Have you noticed that I started the biography of
Swami-Ma Weka Fossicking In Forsythia by talking about
myself? I am glad you have noticed. I am now going to
blithely continue in a similarly rich but disparate Blue
Stilton vein.
Yes, I asked dear, sweet Weka if he would be so kind as to write an “about the author” section for the book. Now that! is truly reminiscent of a generously sliced wedge of Wensleydale upon a cracked-peppercorn cracker!
Cheese.
I told dear, sweet Weka that he could write absolutely anything that he wanted, so long as it was honest and spelled correctly. Did you know that there is a variety of cheese named Wellington?
Now if you knew Weka, you might read the biographies he wrote... . um yes, you might read them and giggle softly whilst mumbling something to yourself like...“Wonderful, silly bird! He is saying more about himself than he is about me.”

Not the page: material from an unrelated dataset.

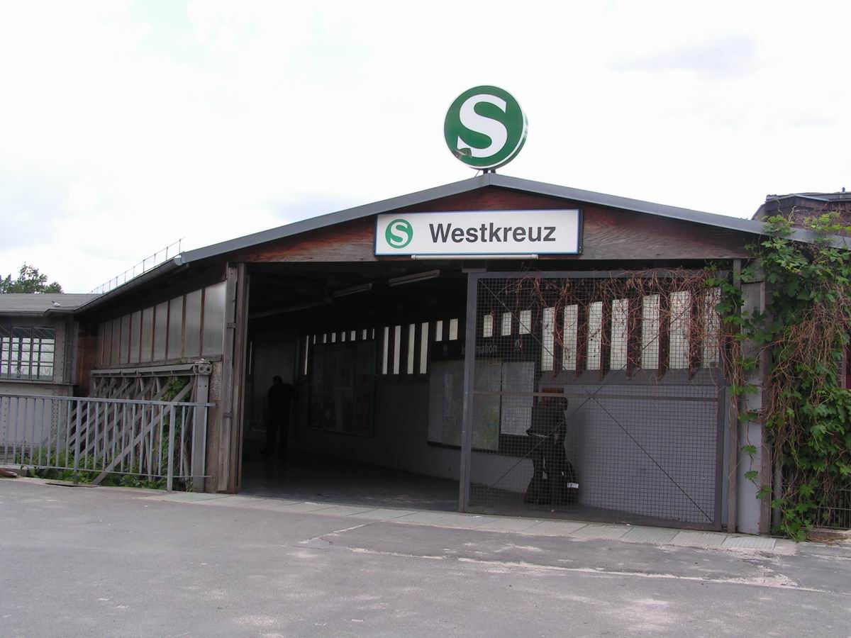 Entrance to the Berlin S-Bahn station "Westkreuz"
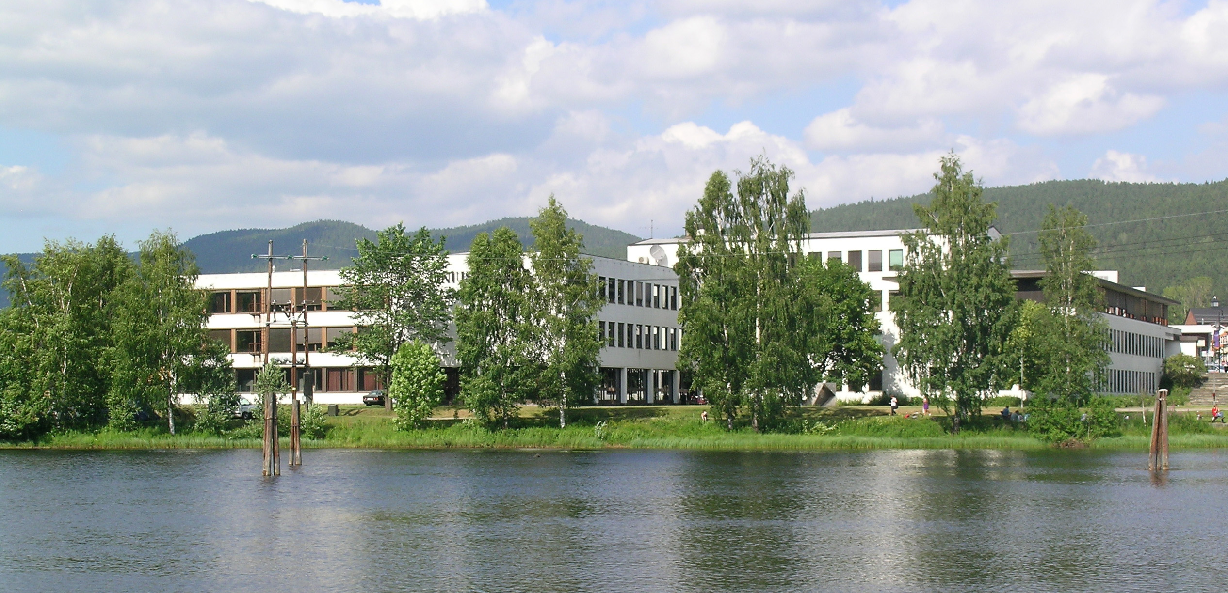 Tinius Olsens skole (upper secondary school). Kongsberg, Buskerud, Norway.

You might. Or you might not.
So, I do know some things I can tell you about him. Let's see:
Um, he plays electric bass in a band and has a partner with a musical name. Professionally, he does something involving computers for the Home Office (England). He has a son as well as a step-daughter. OH oh oh...and he believes the most outlandish tales I tell him! For instance, I once told him that in his previous life he had been a Carmelite nun – hahaha, I think he believed me for like fifty sweet, satisfying moments.

There must be other things I can tell you...like, he
meditates every fuckin' day. And that he certainly ain't
no health-food-freak-vegetarian (I have witnessed this
man in action, and let me just say: “Lucky thing I am
Enlightened”).
But you know, perhaps this one thing that comes to mind, perhaps this tells you as little about him as anything else - and this is from years back: I remember him ruminating over his apparent inability to pull the ladies, and coming to the conclusion that it might just be the fault of his overcoat. Seems he had just noticed it was emitting a distinct odour of stale beer and urine.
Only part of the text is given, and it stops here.